We tend to like the things that are trying to bloom later in the summer because there's more flowers that are able to be found to be blooming in the spring.
So, many of the alliums have different bloom times and there's different sizes with them, and you can tell if the two different varieties here.
The foliage color's just a little bit different.
You can bring that into the landscape as well.
The other thing that's great about them is that they're great in a mass planting because when they bloom, their foliage is very clean looking, and when they pop up, they'd all bloom at the same time.
(gentle acoustic music continues) It's very, very similar to the daylily habit, but I like it a little bit better because there's a lot of these varieties.
The green foliage maintains its green a lot longer.
And basically, they're going to act just like a daylily.
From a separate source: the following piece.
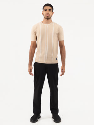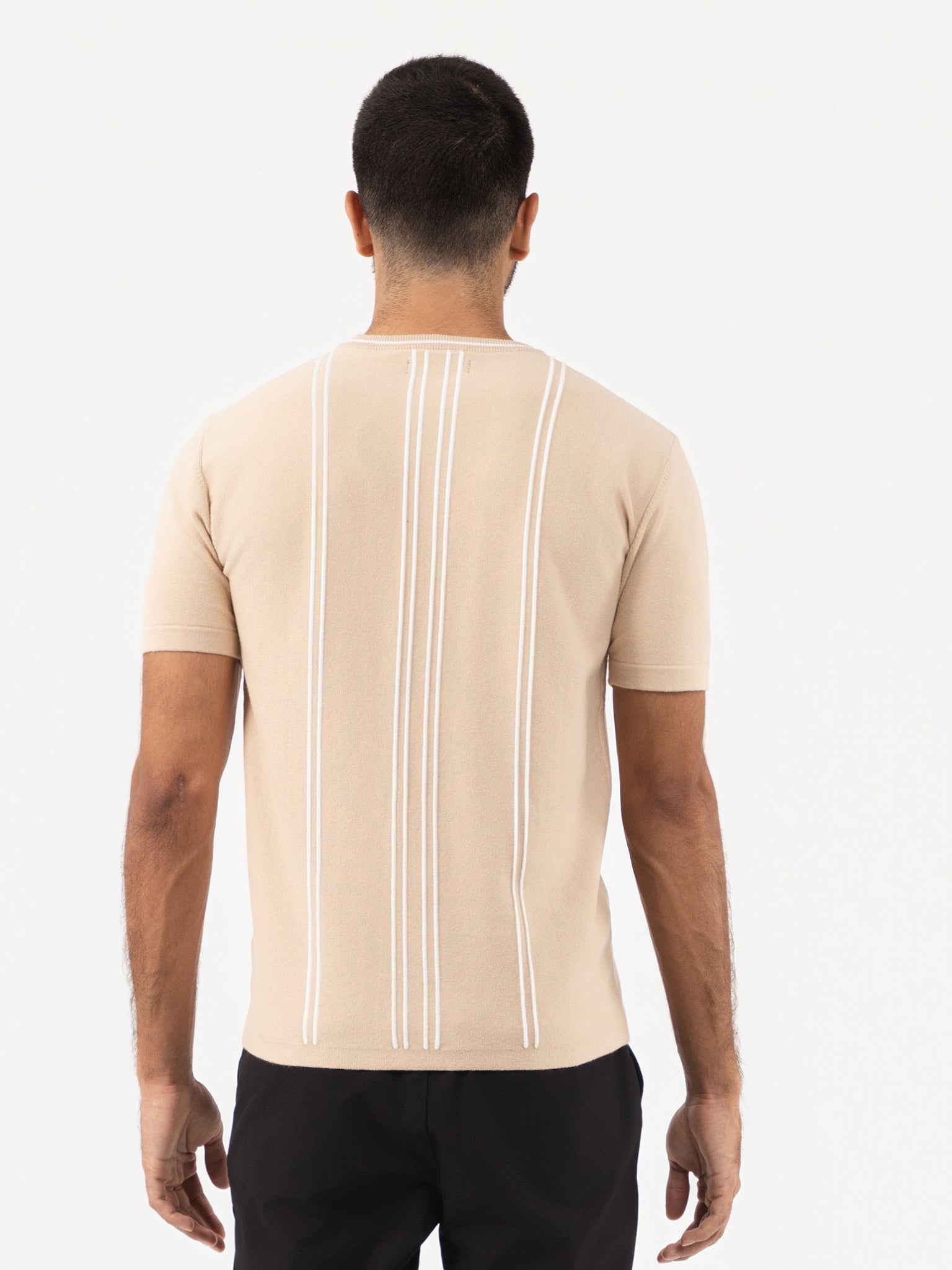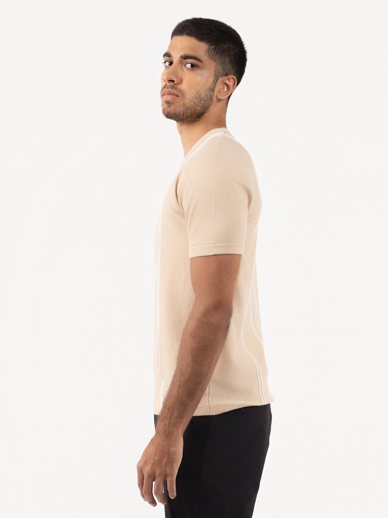 This beige slim-fit shirt combines a classic crew neck with short sleeves and a distinctive stripe texture, crafted from high-quality flat knit fabric. Part of the Leonardo collection, it delivers a contemporary fashion statement while maintaining comfort and precision tailoring, ideal for those seeking a refined yet modern wardrobe staple.

Whereas in the summertime, there'll be green foliage, and then in the fall and then in the winter, then they just go right...
They basically shrivel right back to the ground and then they'll just take off.
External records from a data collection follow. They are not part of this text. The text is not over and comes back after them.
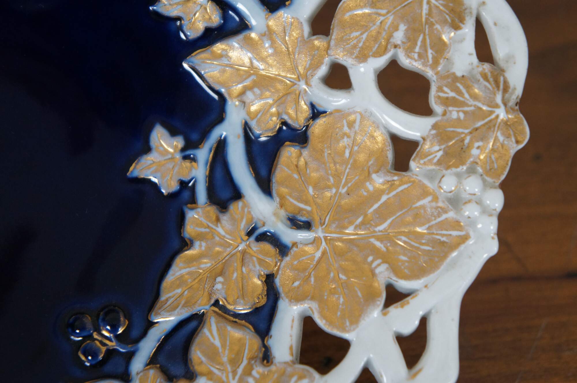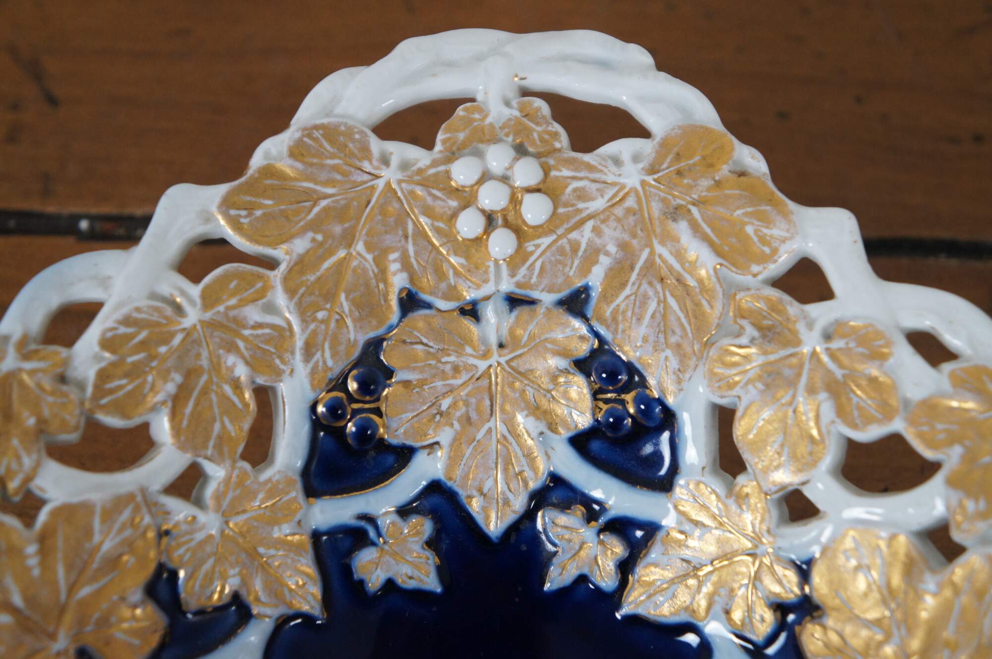 Antique German Dresden Meissen porcelain footed cabinet plate / centerpiece bowl / serving platter / compote featuring scalloped oval form with low relief reticulated design of gold gilt grapevines, grapes and leaves with cobalt blue center and footed base. 1815 to 1860 crossed swords mark.
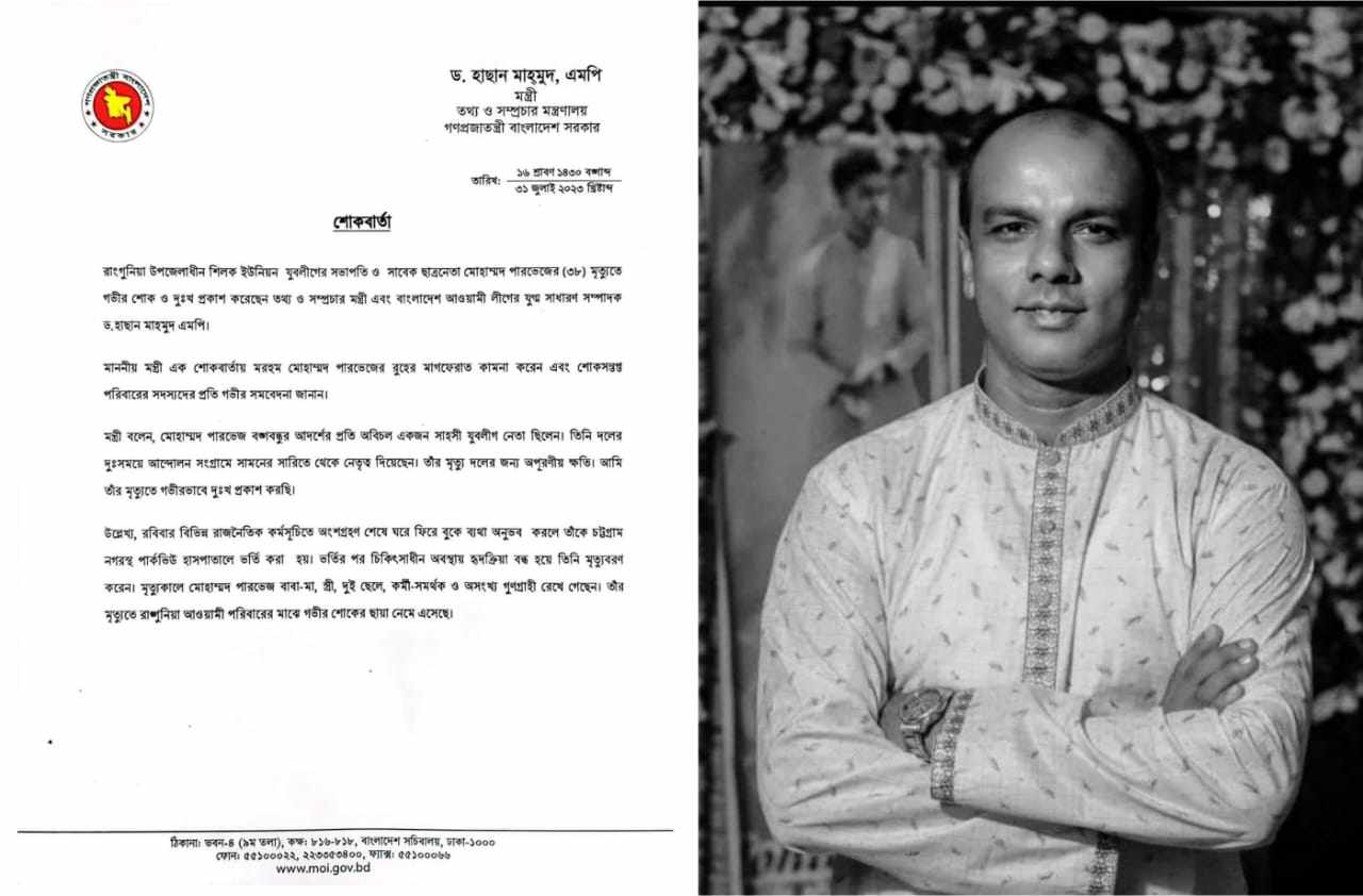 যুবলীগ নেতা পারভেজের মৃত্যুতে তথ্যমন্ত্রীর শোক
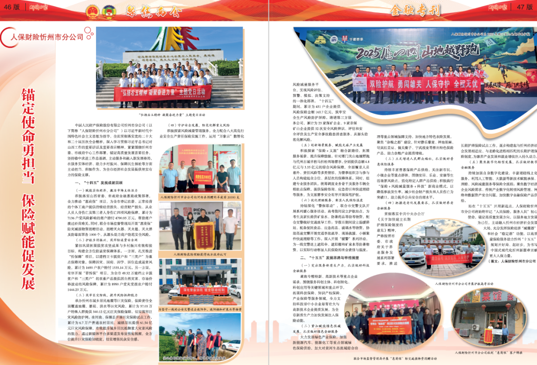 中國人民財產(chǎn)保險股份有限公司忻州市分公司(以下簡稱“人保財險忻州市分公司”)以習(xí)近平新時代中國特色社會主義思想為指導(dǎo),全面貫徹落實黨的二十大和二十屆歷次全會精神,深入學(xué)習(xí)貫徹習(xí)近平總書記對山西工作的重要講話及重要指示精神,緊緊圍繞忻州市委、市政府中心工作部署,錨定高質(zhì)量發(fā)展首要任務(wù),堅持穩(wěn)中求進工作總基調(diào),主動服務(wù)和融入新發(fā)展格局,在服務(wù)實體經(jīng)濟、助力鄉(xiāng)村振興、保障民生福祉等方面主動擔(dān)當、積極作為,為全市經(jīng)濟社會發(fā)展提供堅實有力的保險支撐。

And each year they'll get a little bit bigger and provide more and more blooms.
(gentle acoustic music continues) Another one of my favorite, and probably the most easily recognizable flowers is the daisy.
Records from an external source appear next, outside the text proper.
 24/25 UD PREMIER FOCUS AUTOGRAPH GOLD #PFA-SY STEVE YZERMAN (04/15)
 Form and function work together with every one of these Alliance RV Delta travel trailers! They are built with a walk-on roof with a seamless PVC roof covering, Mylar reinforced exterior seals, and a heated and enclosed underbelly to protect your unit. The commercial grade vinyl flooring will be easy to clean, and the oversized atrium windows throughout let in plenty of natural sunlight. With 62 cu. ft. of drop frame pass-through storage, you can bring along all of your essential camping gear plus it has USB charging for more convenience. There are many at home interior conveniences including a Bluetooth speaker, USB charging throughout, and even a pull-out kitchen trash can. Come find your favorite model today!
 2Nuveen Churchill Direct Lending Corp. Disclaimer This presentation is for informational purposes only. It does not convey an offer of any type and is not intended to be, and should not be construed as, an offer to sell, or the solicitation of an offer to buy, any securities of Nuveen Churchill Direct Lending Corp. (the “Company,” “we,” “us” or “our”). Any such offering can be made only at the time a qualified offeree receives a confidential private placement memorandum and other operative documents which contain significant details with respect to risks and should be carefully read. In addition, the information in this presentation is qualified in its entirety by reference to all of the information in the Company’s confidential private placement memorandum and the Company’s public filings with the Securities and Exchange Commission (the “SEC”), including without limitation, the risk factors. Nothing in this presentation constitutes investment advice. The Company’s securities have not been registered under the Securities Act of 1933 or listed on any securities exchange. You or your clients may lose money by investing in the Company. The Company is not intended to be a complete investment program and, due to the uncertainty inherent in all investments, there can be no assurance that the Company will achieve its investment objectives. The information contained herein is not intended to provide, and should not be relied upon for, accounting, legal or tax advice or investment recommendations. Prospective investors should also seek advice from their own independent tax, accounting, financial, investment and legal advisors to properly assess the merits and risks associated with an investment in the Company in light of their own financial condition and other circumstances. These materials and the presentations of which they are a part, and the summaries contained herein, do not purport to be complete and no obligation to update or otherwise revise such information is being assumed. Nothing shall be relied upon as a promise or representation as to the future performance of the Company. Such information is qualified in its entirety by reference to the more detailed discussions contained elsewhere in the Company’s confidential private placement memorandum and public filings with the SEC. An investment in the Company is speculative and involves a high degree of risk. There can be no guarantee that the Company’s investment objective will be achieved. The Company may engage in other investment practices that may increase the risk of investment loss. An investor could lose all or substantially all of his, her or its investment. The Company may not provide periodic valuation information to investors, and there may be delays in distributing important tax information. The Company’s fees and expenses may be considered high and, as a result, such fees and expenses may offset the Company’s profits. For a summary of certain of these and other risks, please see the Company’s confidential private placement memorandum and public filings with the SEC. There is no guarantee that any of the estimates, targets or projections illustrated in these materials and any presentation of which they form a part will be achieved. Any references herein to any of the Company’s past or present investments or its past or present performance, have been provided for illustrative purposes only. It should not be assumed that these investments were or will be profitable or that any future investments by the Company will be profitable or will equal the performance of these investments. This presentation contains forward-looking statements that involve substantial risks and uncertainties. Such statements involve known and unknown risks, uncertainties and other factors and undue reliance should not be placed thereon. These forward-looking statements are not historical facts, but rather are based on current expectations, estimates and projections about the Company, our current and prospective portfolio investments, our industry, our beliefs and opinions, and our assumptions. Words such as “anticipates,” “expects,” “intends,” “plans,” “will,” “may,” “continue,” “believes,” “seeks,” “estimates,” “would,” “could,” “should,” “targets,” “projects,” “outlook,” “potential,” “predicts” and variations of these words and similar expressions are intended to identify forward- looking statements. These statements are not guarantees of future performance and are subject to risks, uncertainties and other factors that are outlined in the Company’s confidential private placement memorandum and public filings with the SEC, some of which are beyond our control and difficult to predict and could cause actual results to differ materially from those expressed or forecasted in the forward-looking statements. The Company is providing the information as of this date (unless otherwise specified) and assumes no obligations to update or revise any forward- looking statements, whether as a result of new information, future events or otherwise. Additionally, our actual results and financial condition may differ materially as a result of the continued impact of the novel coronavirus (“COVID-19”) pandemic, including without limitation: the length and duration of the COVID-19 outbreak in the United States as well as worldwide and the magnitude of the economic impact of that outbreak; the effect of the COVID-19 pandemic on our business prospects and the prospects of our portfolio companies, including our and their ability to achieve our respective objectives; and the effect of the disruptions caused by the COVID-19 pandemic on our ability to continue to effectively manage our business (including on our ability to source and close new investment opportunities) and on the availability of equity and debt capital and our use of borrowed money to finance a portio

And there's many different varieties of daisies, but the daisies, this is a Shasta daisy, and they are just very, very prolific flowers.
Late August is when they bloom the best, and they just provide such a great splash of color within the landscape.
So this is something to use, again, in your landscape within like a rock bed area or within a grouping.
It's probably not the best plant to be using along for a border plant, but the flower itself is very, very clean looking.
It attracts pollinators which is great for our environment.
The foliage on the Shasta daisies, what I like about it, it comes with a very, very clean foliage.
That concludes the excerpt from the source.